The problem:
Copy the listing exactly; drop the pictures.

Data extract:
Start of Block
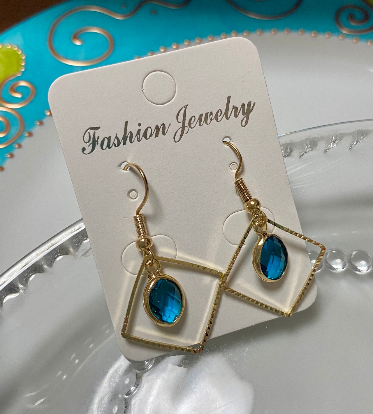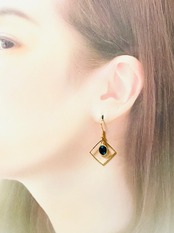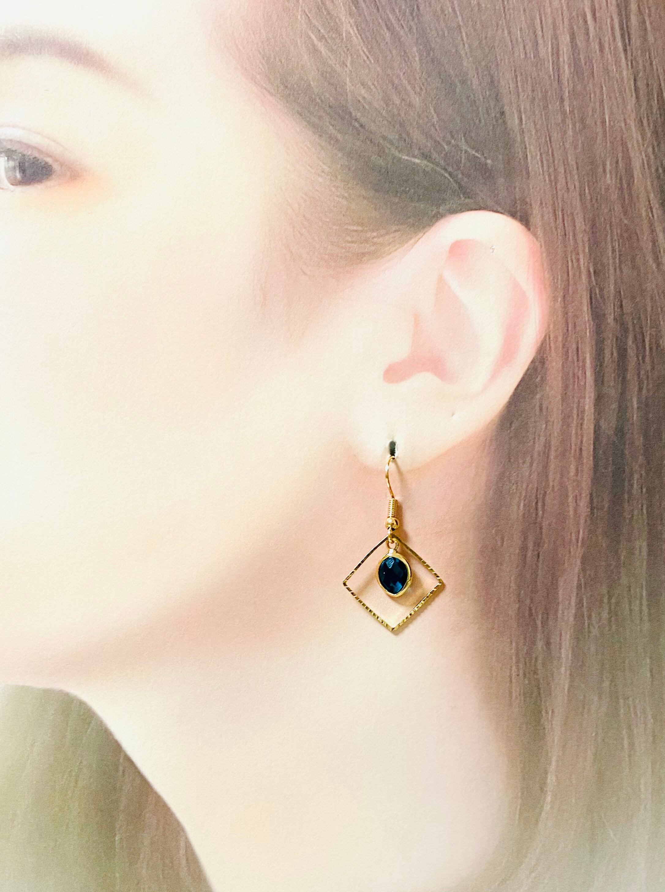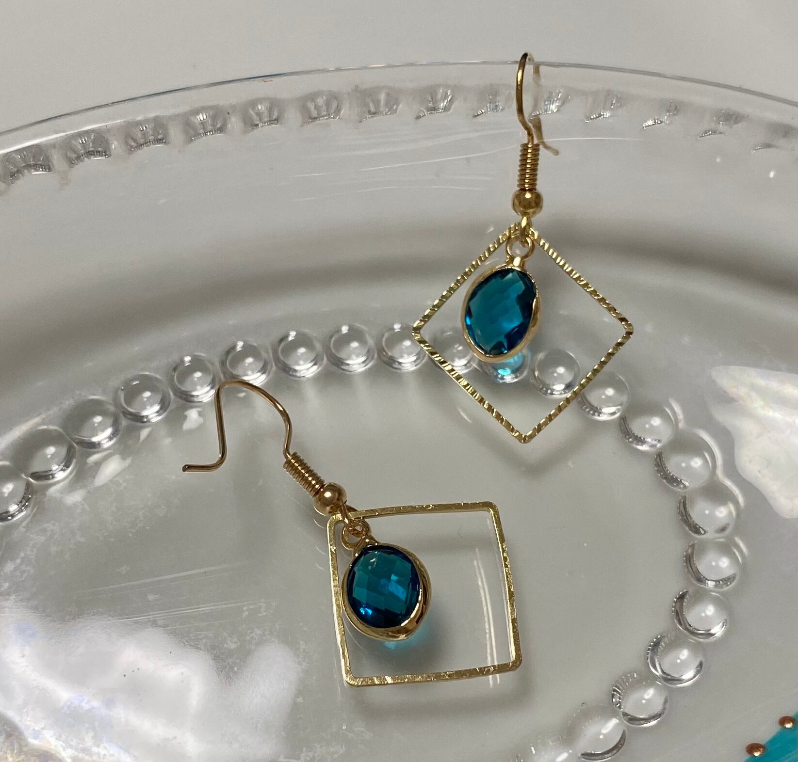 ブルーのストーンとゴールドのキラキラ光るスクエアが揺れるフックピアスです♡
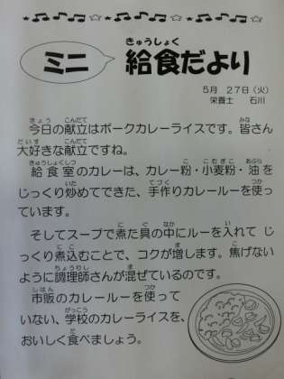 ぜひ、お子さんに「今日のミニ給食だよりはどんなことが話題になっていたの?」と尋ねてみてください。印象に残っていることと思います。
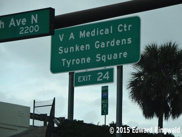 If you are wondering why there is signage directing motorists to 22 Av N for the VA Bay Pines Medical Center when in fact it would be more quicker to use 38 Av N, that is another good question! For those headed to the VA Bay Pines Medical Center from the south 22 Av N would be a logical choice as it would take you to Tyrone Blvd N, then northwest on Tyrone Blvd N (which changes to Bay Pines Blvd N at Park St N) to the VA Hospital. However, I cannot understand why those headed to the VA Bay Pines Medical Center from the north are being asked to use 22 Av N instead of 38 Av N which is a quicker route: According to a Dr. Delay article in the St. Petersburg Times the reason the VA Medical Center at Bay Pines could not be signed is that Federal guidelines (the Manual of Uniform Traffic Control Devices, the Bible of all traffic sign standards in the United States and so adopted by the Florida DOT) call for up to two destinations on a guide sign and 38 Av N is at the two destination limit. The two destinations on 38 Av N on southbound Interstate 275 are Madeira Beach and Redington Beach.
End of Block
Result of this exercise:
 ブルーのストーンとゴールドのキラキラ光るスクエアが揺れるフックピアスです♡
 ぜひ、お子さんに「今日のミニ給食だよりはどんなことが話題になっていたの?」と尋ねてみてください。印象に残っていることと思います。
 If you are wondering why there is signage directing motorists to 22 Av N for the VA Bay Pines Medical Center when in fact it would be more quicker to use 38 Av N, that is another good question! For those headed to the VA Bay Pines Medical Center from the south 22 Av N would be a logical choice as it would take you to Tyrone Blvd N, then northwest on Tyrone Blvd N (which changes to Bay Pines Blvd N at Park St N) to the VA Hospital. However, I cannot understand why those headed to the VA Bay Pines Medical Center from the north are being asked to use 22 Av N instead of 38 Av N which is a quicker route: According to a Dr. Delay article in the St. Petersburg Times the reason the VA Medical Center at Bay Pines could not be signed is that Federal guidelines (the Manual of Uniform Traffic Control Devices, the Bible of all traffic sign standards in the United States and so adopted by the Florida DOT) call for up to two destinations on a guide sign and 38 Av N is at the two destination limit. The two destinations on 38 Av N on southbound Interstate 275 are Madeira Beach and Redington Beach.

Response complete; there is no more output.